[Dataset records]
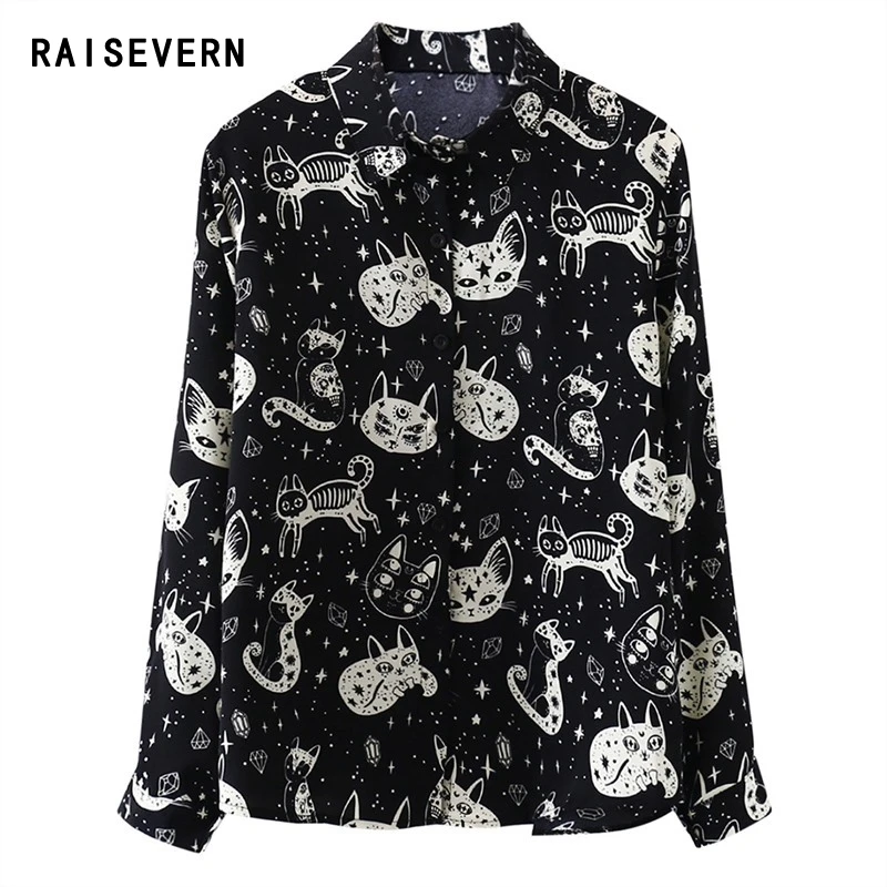 Новинка весны 2020, женская блузка с милым рисунком кота, длинный рукав, блузка, рубашка, топы с отложным воротником, белые, черные, Blusas Feminina, Прямая поставка
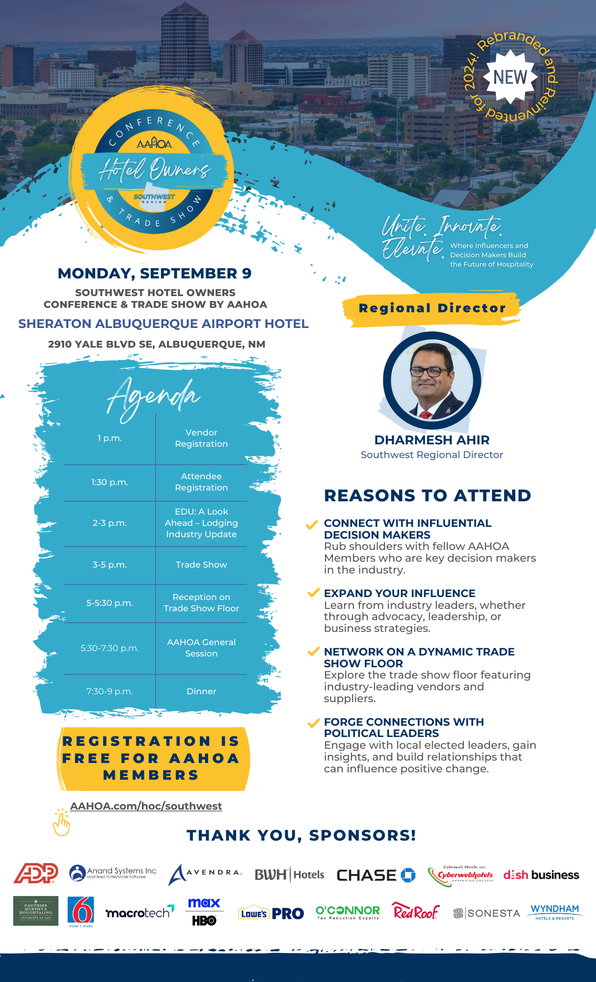 Join us at the 2024 AAHOA Regional Conference and Trade Show Series, where hospitality professionals converge for unparalleled networking, education, and business opportunities. This dynamic event series showcases the latest industry trends, innovations, and best practices in hospitality. Attendees can expect insightful seminars led by industry experts, interactive workshops, and access to a diverse array of vendors showcasing cutting-edge products and services. Whether you're an established hotelier or an aspiring hospitality entrepreneur, our regional conferences offer a platform to connect, learn, and explore new avenues for success in the ever-evolving hospitality landscape. Don't miss this chance to be part of an enriching experience that fosters growth and excellence within the hospitality community.
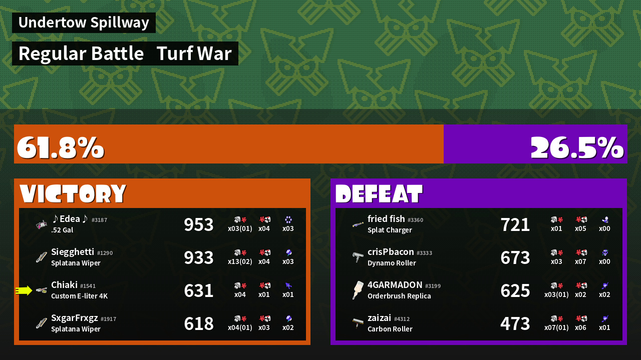 | Medals | #1 Super Jump Spot #1 Kraken Royale User #2 Overall Splatter | ||
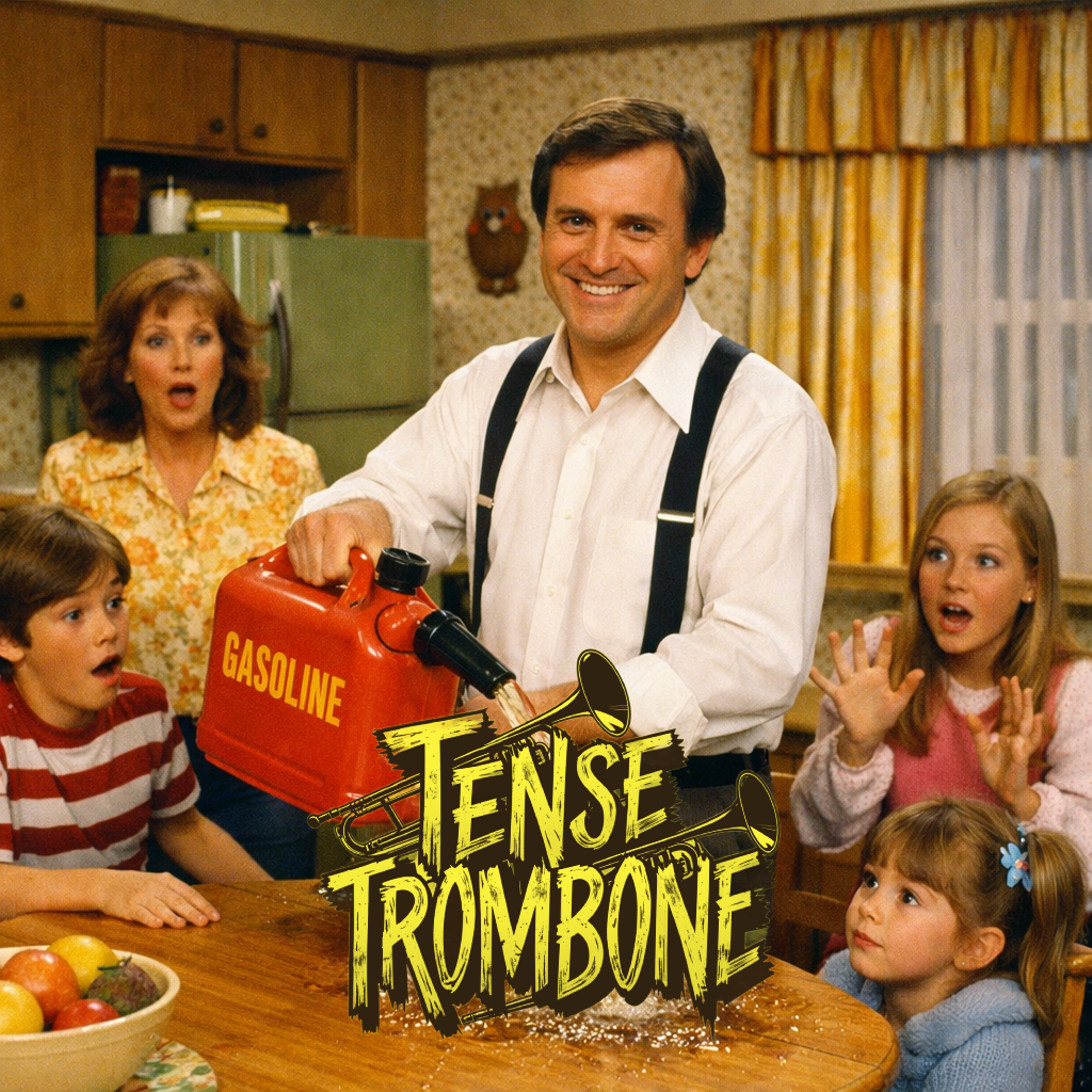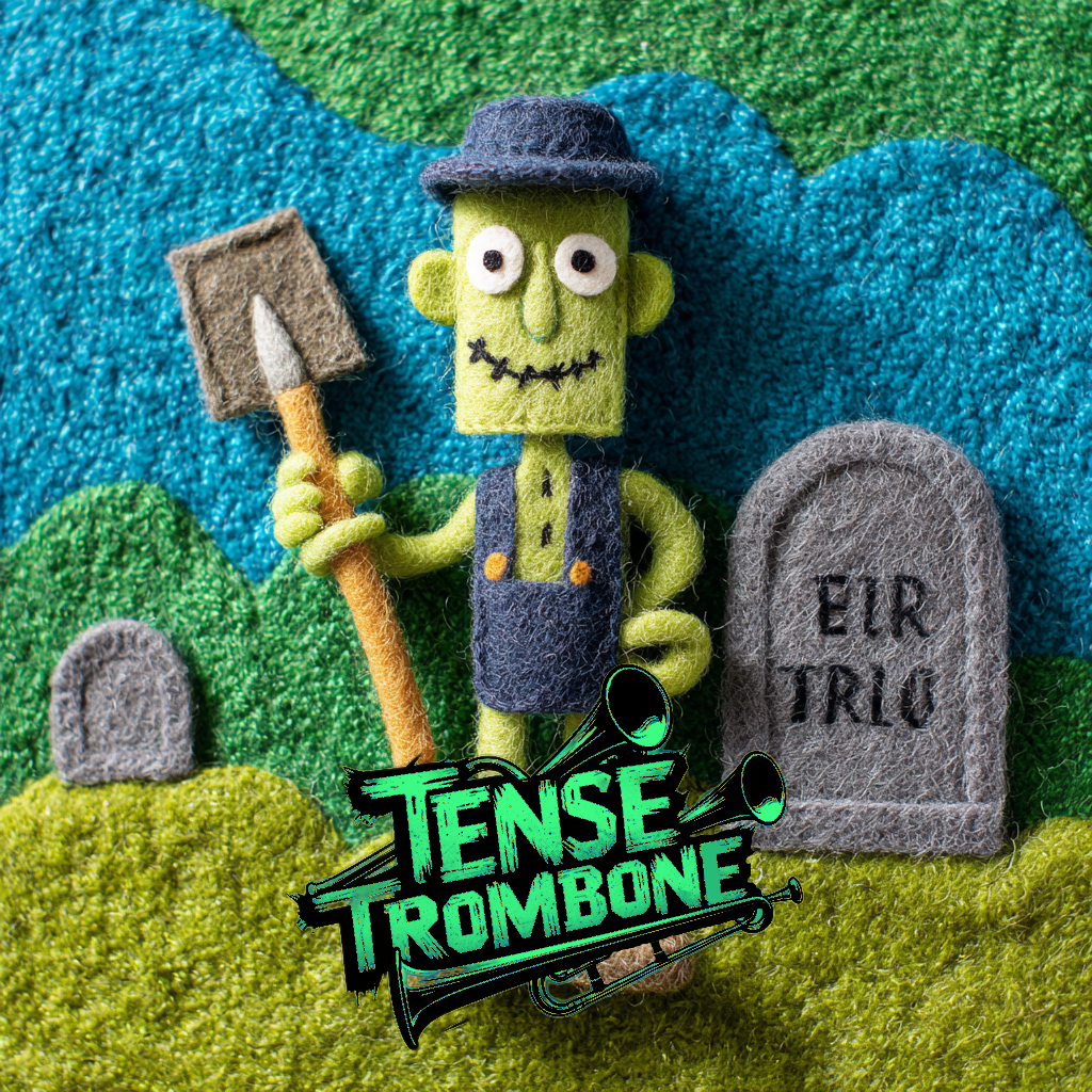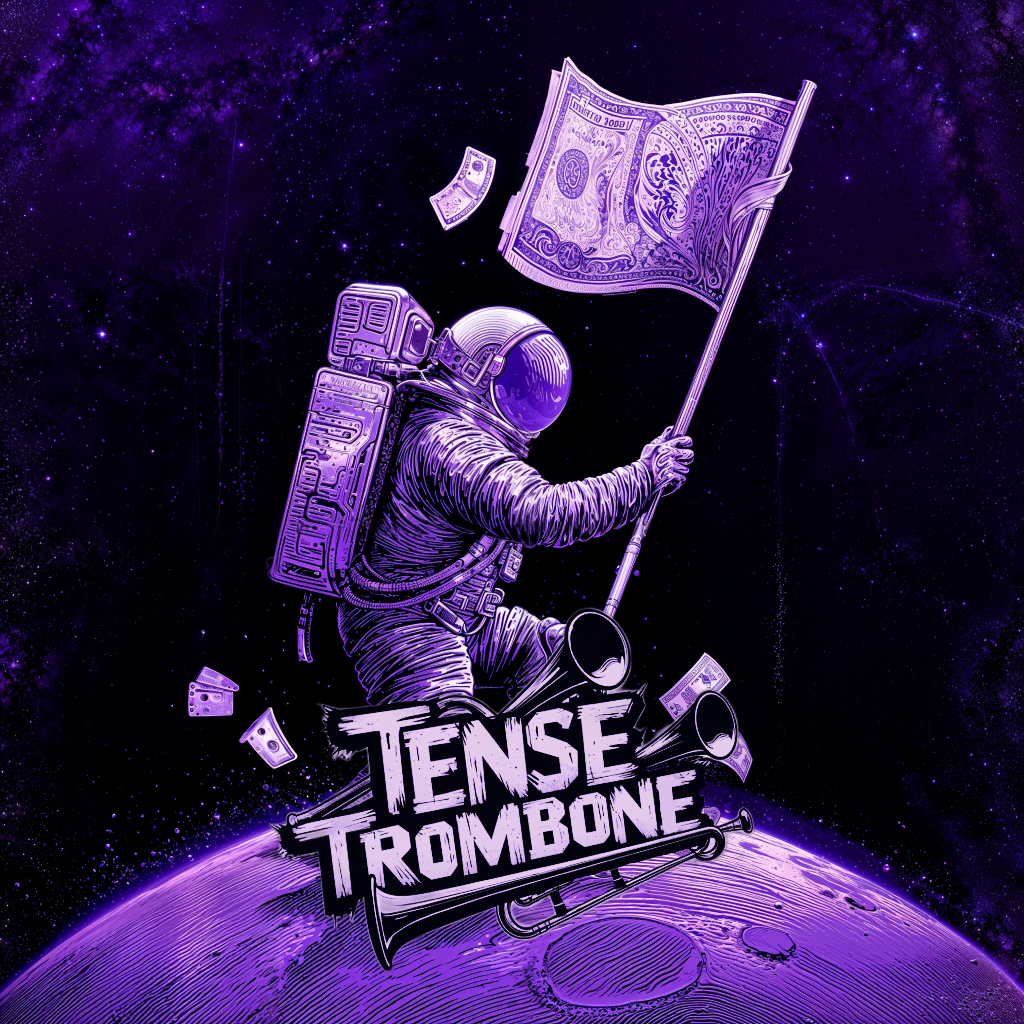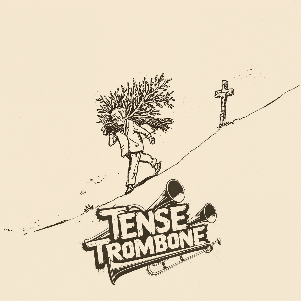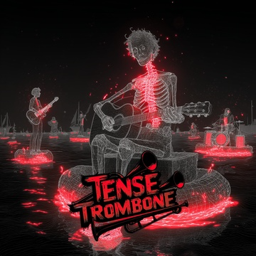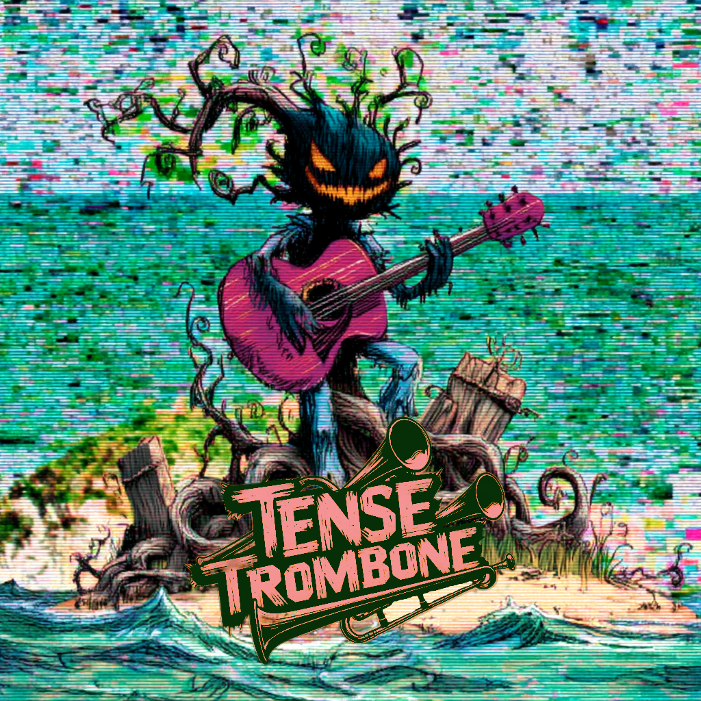 Crisp high fidelity studio production, Crisp vocals, and crisp high fidelity instrumentation, A post-punk revival, experimental indietronica track featuring punchy, angular guitars alongside skittering synth textures, Acoustic punk folk hooks interject, adding quirky contrast to soaring, reverb-laden trombone riffs, The rhythm section constantly shifts—syncopated basslines and driving, evolving percussion fuel the song’s momentum, while melancholic, dynamic male vocals cut through with bittersweet, ironic clarity
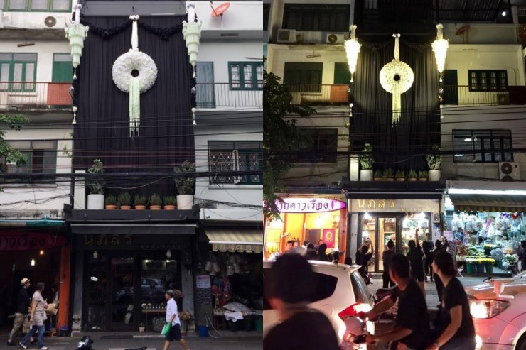 สมาชิกเฟซบุ๊กชื่อ napasorn ได้โพสต์ภาพพวงมาลัยขนาดยักษ์ที่ทำจากดอกไม้สีขาวประดับประดาไว้เหนือประตูร้านขายดอกไม้ชื่อ "นภสร" ถนนจักรเพชร (ปากคลองตลาด) แขวงบูรพาภิรมย์ เขตพระนคร กรุงเทพฯ ดึงดูดความสนใจประชาชนที่สัญจรผ่านไปมาเป็นอย่างมาก พร้อมระบุข้อความว่า
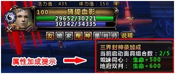- 当玩家开启了封神称号后,在头像下方将点亮【谱】字图标,将鼠标移动到该按钮,将会显示当前所激活的全部封神称号所带来的属性提升提示。
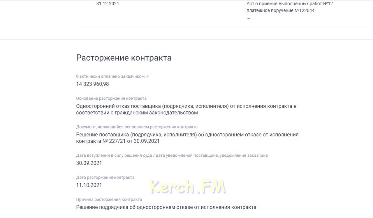 Действительно, на сайте Госзакупок, размещена информация о расторжении контракта. Однако по всем дворовым территориям, благоустраиваемым в 2021 году, расторг контракты ООО "Луксар", а не заказчик УЖКХ Керчи. Основанием для расторжения контрактов указано непредоставление заказчиком корректной проектно-сметной документации, несмотря на неоднократные обращения ООО "Луксар" по этому поводу.
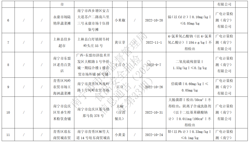 南寧市市場監(jiān)督管理局針對抽檢發(fā)現(xiàn)的問題,對于不合格樣品涉及的生產(chǎn)經(jīng)營單位,已要求屬地市場監(jiān)管部門對涉及單位依法處理,督促查清不合格產(chǎn)品的批次、數(shù)量、流向,召回不合格產(chǎn)品,采取下架等措施控制風險,分析原因進行整改,并依法予以查處。

**What is being asked:**
Return all the data exactly, and keep the pictures out.

**Solved problem:**
 Новинка весны 2020, женская блузка с милым рисунком кота, длинный рукав, блузка, рубашка, топы с отложным воротником, белые, черные, Blusas Feminina, Прямая поставка
 Join us at the 2024 AAHOA Regional Conference and Trade Show Series, where hospitality professionals converge for unparalleled networking, education, and business opportunities. This dynamic event series showcases the latest industry trends, innovations, and best practices in hospitality. Attendees can expect insightful seminars led by industry experts, interactive workshops, and access to a diverse array of vendors showcasing cutting-edge products and services. Whether you're an established hotelier or an aspiring hospitality entrepreneur, our regional conferences offer a platform to connect, learn, and explore new avenues for success in the ever-evolving hospitality landscape. Don't miss this chance to be part of an enriching experience that fosters growth and excellence within the hospitality community.
 | Medals | #1 Super Jump Spot #1 Kraken Royale User #2 Overall Splatter | ||
 Crisp high fidelity studio production, Crisp vocals, and crisp high fidelity instrumentation, A post-punk revival, experimental indietronica track featuring punchy, angular guitars alongside skittering synth textures, Acoustic punk folk hooks interject, adding quirky contrast to soaring, reverb-laden trombone riffs, The rhythm section constantly shifts—syncopated basslines and driving, evolving percussion fuel the song’s momentum, while melancholic, dynamic male vocals cut through with bittersweet, ironic clarity
 สมาชิกเฟซบุ๊กชื่อ napasorn ได้โพสต์ภาพพวงมาลัยขนาดยักษ์ที่ทำจากดอกไม้สีขาวประดับประดาไว้เหนือประตูร้านขายดอกไม้ชื่อ "นภสร" ถนนจักรเพชร (ปากคลองตลาด) แขวงบูรพาภิรมย์ เขตพระนคร กรุงเทพฯ ดึงดูดความสนใจประชาชนที่สัญจรผ่านไปมาเป็นอย่างมาก พร้อมระบุข้อความว่า
- 当玩家开启了封神称号后,在头像下方将点亮【谱】字图标,将鼠标移动到该按钮,将会显示当前所激活的全部封神称号所带来的属性提升提示。
 Действительно, на сайте Госзакупок, размещена информация о расторжении контракта. Однако по всем дворовым территориям, благоустраиваемым в 2021 году, расторг контракты ООО "Луксар", а не заказчик УЖКХ Керчи. Основанием для расторжения контрактов указано непредоставление заказчиком корректной проектно-сметной документации, несмотря на неоднократные обращения ООО "Луксар" по этому поводу.
 南寧市市場監(jiān)督管理局針對抽檢發(fā)現(xiàn)的問題,對于不合格樣品涉及的生產(chǎn)經(jīng)營單位,已要求屬地市場監(jiān)管部門對涉及單位依法處理,督促查清不合格產(chǎn)品的批次、數(shù)量、流向,召回不合格產(chǎn)品,采取下架等措施控制風險,分析原因進行整改,并依法予以查處。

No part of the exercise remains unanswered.